ACLA Praises Senate Letter to Tavenner Urging Open Process and Stakeholder Input in Review of Misvalued Codes In Medicare Part B Program
Washington, D.C. – The American Clinical Laboratory Association (ACLA) today praised a dozen U.S. Senators for their letter to the Centers for Medicare and Medicaid Services (CMS) Administrator Marilyn Tavenner, that urges CMS to open the current process and “allow adequate time for stakeholder engagement, feedback and preparation before any changes are finalized” in the review process to determine whether there are misvalued codes in Medicare Part B program.
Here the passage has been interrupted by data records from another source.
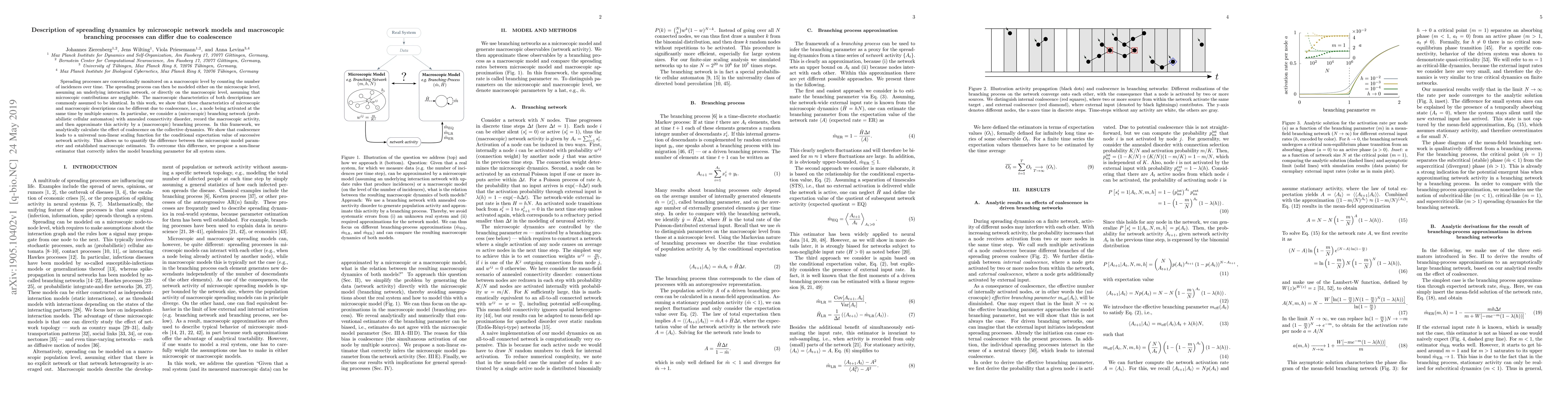This paper investigates how microscopic network models and macroscopic branching processes can differ in their spreading dynamics due to coalescence, where a node is activated by multiple sources simultaneously. The authors analytically calculate the effect of coalescence and propose a non-linear estimator to accurately infer the branching parameter, overcoming discrepancies between microscopic and macroscopic descriptions.
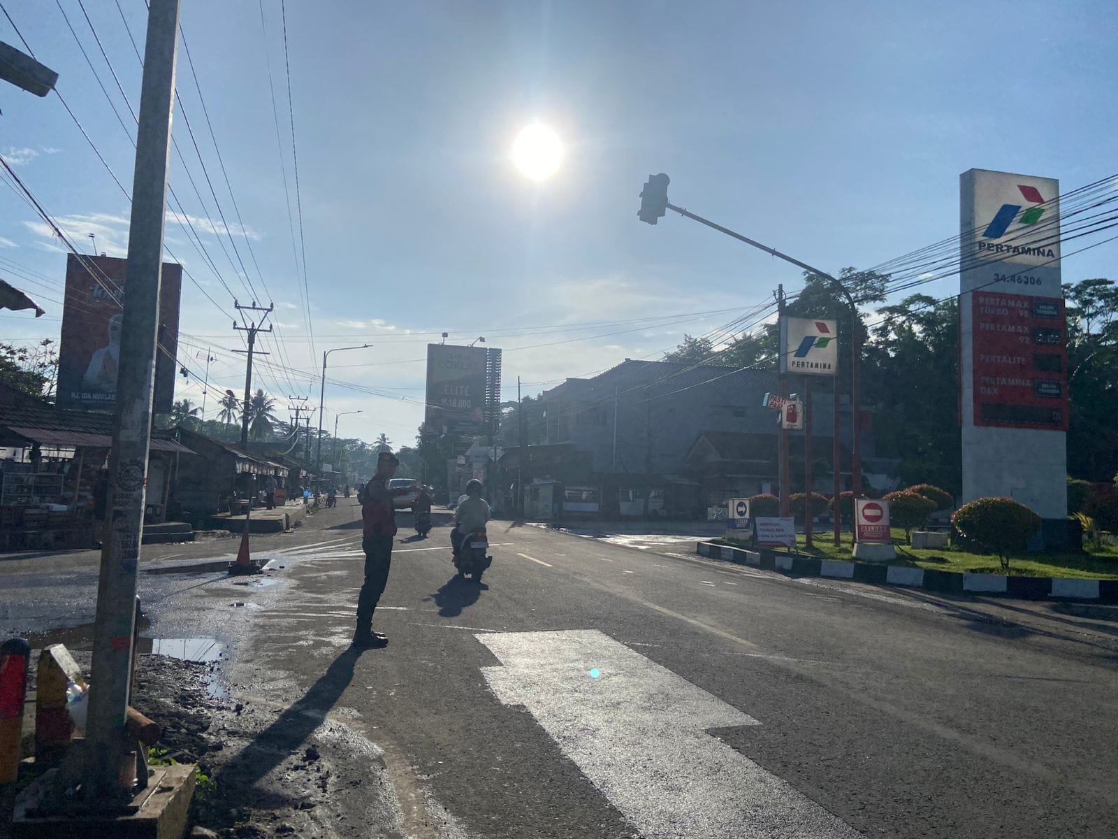 Sejak pagi hari, volume kendaraan yang melintas meningkat signifikan. Kehadiran petugas membantu mengarahkan arus lalu lintas agar tetap tertib dan aman bagi semua pengguna jalan.
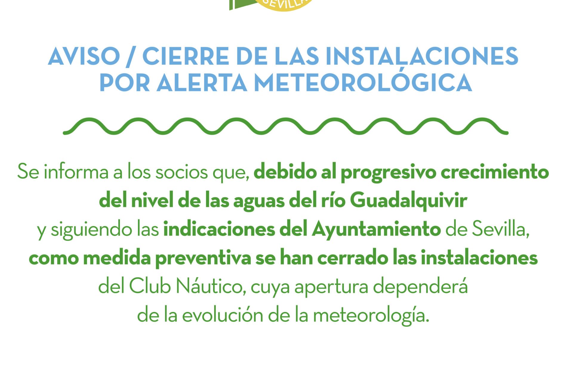Se informa a los socios que, debido al progresivo crecimiento del nivel de las aguas del río Guadalquivir y las indicaciones del Ayuntamiento de Sevilla, como medida preventiva se han cerrado las instalaciones del Club Náutico, cuya apertura dependerá de la evolución de la meteorología.
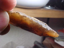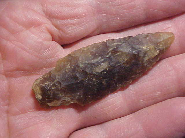 There isn't really a 'category' for Late Archaic Stemmed, not in Overstreet, anyway, but you see a slightly contracted stem, edge ground--and a lot of times with a slat stem base, you know there are elements of Eastern Stemmed, Stringtowns, point style in the same 'general characteristics' cluster, they're generally well made. Here, this 'rootbeer chert', it was a super-hard flint, you see 'stacks' that the ancient knapper couldn't eliminate due to the blade already being narrow (2&1/2" by 7/8", and thickness that reaches 1/2")--it's a Lanceolate type blade which is why it's narrow. With a backlight, you can easily guess why the knapper wanted to work a difficult flint, the translucence had to appeal to someone thousands of years back as much as a collector today. Now, does the flint have a more specific name, Tony DeRegnaucourt's chert type book calls it Flint Ridge Moss Agate Variety. I've found it along the Ohio River, but RARELY--this point was from a Kentucky dealer, it's a piece that you see, you want it for your collection. There is likely some soil still in the crevices of the stone--I didn't want to scrub it; the soil, still in those crevices, tells you about where the piece originated. It is guaranteed real in every detail. Shipping is included with the price, nothing additional. I take checks, money orders or cash, but I do not use paypal-type services--Roy A.

CMS’s authority was expanded under the Affordable Care Act (ACA) to periodically review physician services in the Medicare Part B program in order to identify any misvalued codes and take steps to revise payment for the codes.
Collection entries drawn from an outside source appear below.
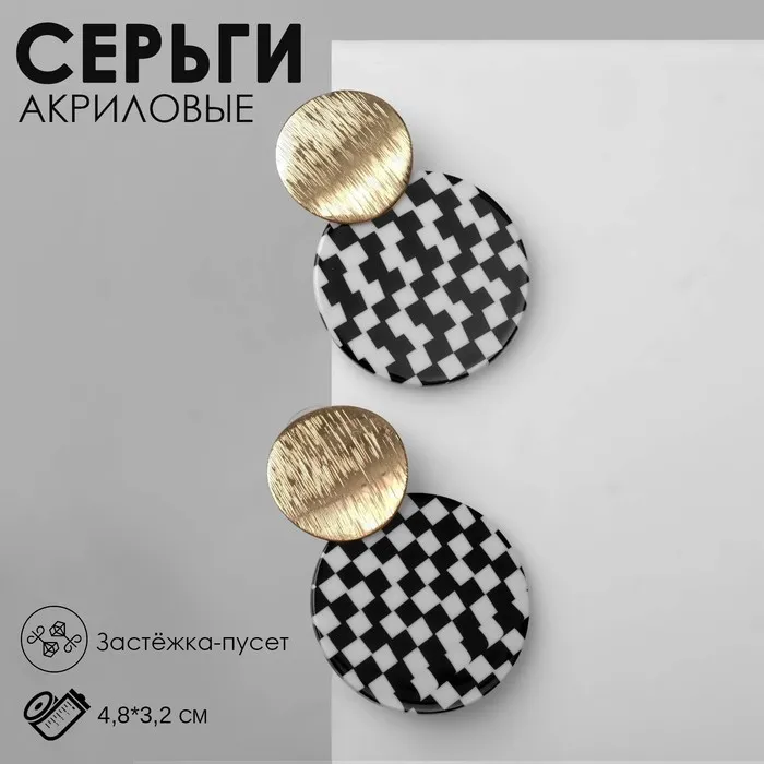 Серьги акриловые «Круг», цвет чёрно-белый в золоте — Характеристики
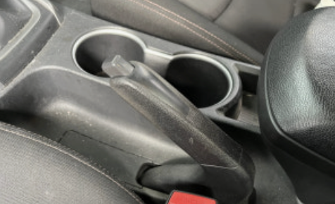 그 상태에서 '주차 브레이크'를 먼저 '확실하게' 채웁니다. (손으로 당기거나, 버튼을 누르거나, 발로 밟아서)
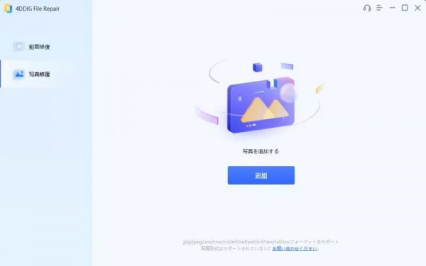 Step2:ホーム画面で「写真修復」メニューを選び、「追加」ボタンをクリックします。
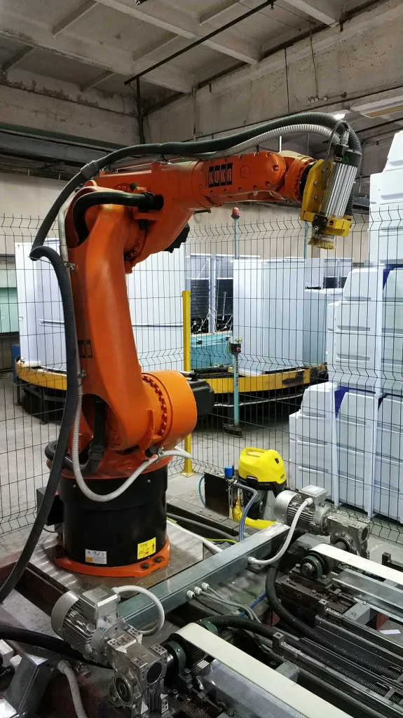 В действующую линию производства пластика для внутренней отделки холодильников и морозильных камер установлено три Робота KUKA KR 60/3, которые задействованы в процессе обрезки пластика после процесса объемного формирования.

“As providers of millions of clinical diagnostic laboratory services for Medicare beneficiaries each year, ACLA members are concerned that the current process for identifying misvalued codes in Medicare Part B does not allow enough time for feedback or stakeholder input,” said Alan Mertz, President of the ACLA. “We respectfully request that CMS revise their procedures regarding misvalued codes and provide the time necessary for meaningful and thoughtful comment, which the current timeline does not allow.”
The letter to Tavenner sent on June 13, 2014 is signed by Senators Kay Hagen (D-NC), Kelly Ayotee (R-NH), Richard Burr (R-NC), Johnny Isakson (R-GA), John McCain (R-AZ), Roy Blunt (R-MO), Deb Fischer (R-NE), Rob Portman (R-OH), Saxby Chambliss (R-GA), Dan Coats (R-IN), John Thune (R-SC) and Mark Kirk (R-IL).
The Senators point out in the letter that, “Historically, CMS has sought the input of outside stakeholders as guidance to assist with the valuations process. Additionally, the Agency undergoes a separate and independent analysis for determining the relative value units (RVUs) for each service. However, when the results of CMS’ analysis and the rationale for any payment modifications are only included in the final rule, as opposed to the annual proposed rule, the process limits the ability of providers to review the rationale and various methodologies used in revising the payment codes. It also makes it more difficult for providers to prepare for any changes to payment, including how any revisions might impact their practices and patients.”
The senators note they support the accurate valuation of reimbursement rates for services provided under the Medicare program but call on CMS to allow both patients and provider the opportunity to comment on how policy changes may impact access to healthcare services.
In conclusion, they ask Administrator Tavenner to “strongly consider revising the current process by publishing these reimbursement changes to existing codes in the annual physician fee schedule proposed rule.”